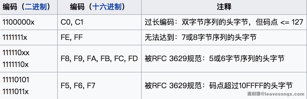 然后根据RFC 3629规范,又有一些字节值是不允许出现在UTF-8编码中的:
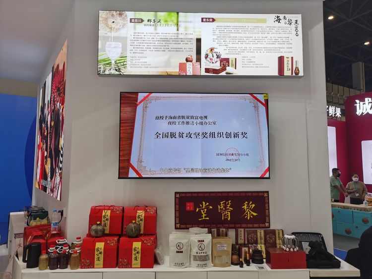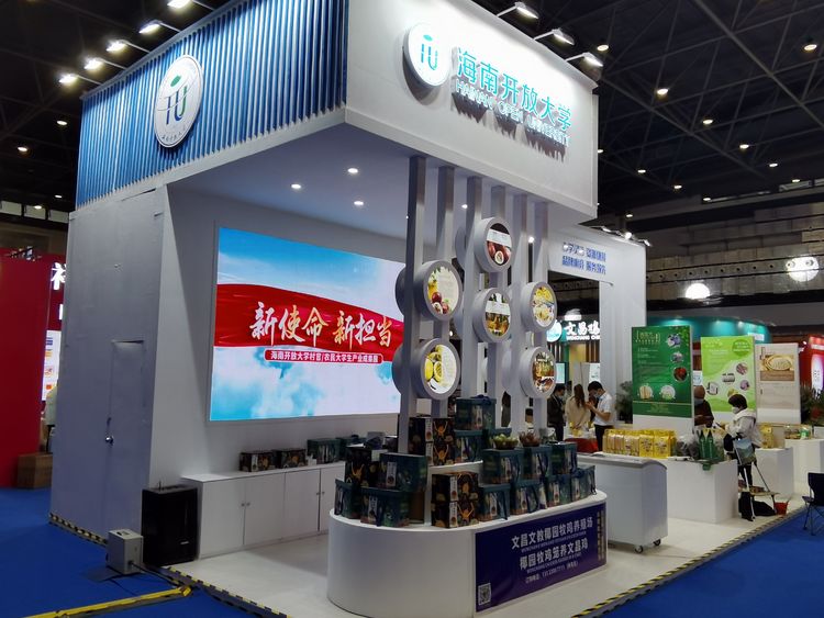 海南开放大学村官/农民大学生创业成果在1号馆品牌农产品展区精彩亮相,现场展示了来自全省18个市县开大学子的创业成果。包含椰园牧鸡牌文昌鸡、原生态椰子油、海南黎王颐养贴、钦蜜9号百香果、山兰米、海南白胡椒等特色农产品,吸引了大批参展观众驻足参观。
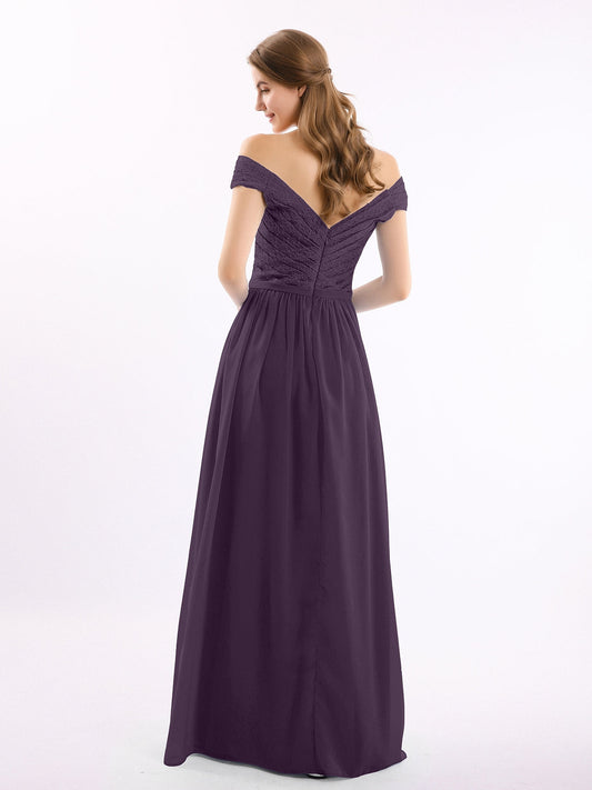 Babaroni LaurenVestidos largos de chiffon estilo princesa con abertura Ciruela
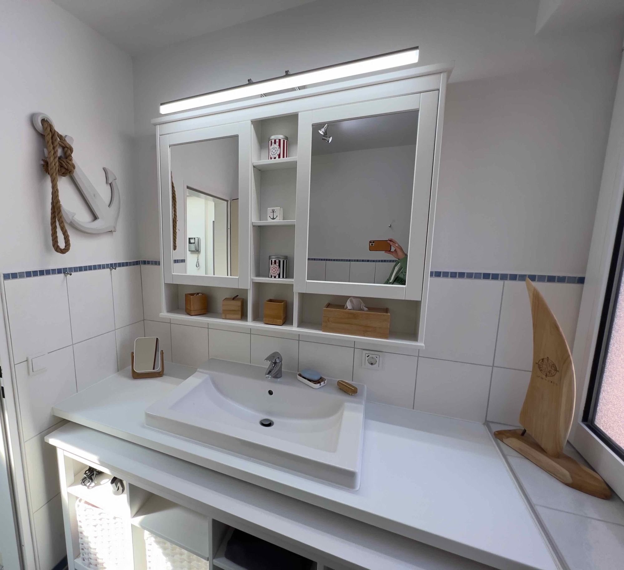 Das Kleine Bad bietet mehr als nur ein WC. Es hat Stauraum und viel Licht. Damit hat das kleine Schlafzimmer sein eigens Bad und eine Familie oder auch Paare können sich besser verteilen.

**About this exercise**
The listing above should be transcribed word for word, with its pictures left out.

**Answer section**
 然后根据RFC 3629规范,又有一些字节值是不允许出现在UTF-8编码中的:
 海南开放大学村官/农民大学生创业成果在1号馆品牌农产品展区精彩亮相,现场展示了来自全省18个市县开大学子的创业成果。包含椰园牧鸡牌文昌鸡、原生态椰子油、海南黎王颐养贴、钦蜜9号百香果、山兰米、海南白胡椒等特色农产品,吸引了大批参展观众驻足参观。
 Babaroni LaurenVestidos largos de chiffon estilo princesa con abertura Ciruela
 Das Kleine Bad bietet mehr als nur ein WC. Es hat Stauraum und viel Licht. Damit hat das kleine Schlafzimmer sein eigens Bad und eine Familie oder auch Paare können sich besser verteilen.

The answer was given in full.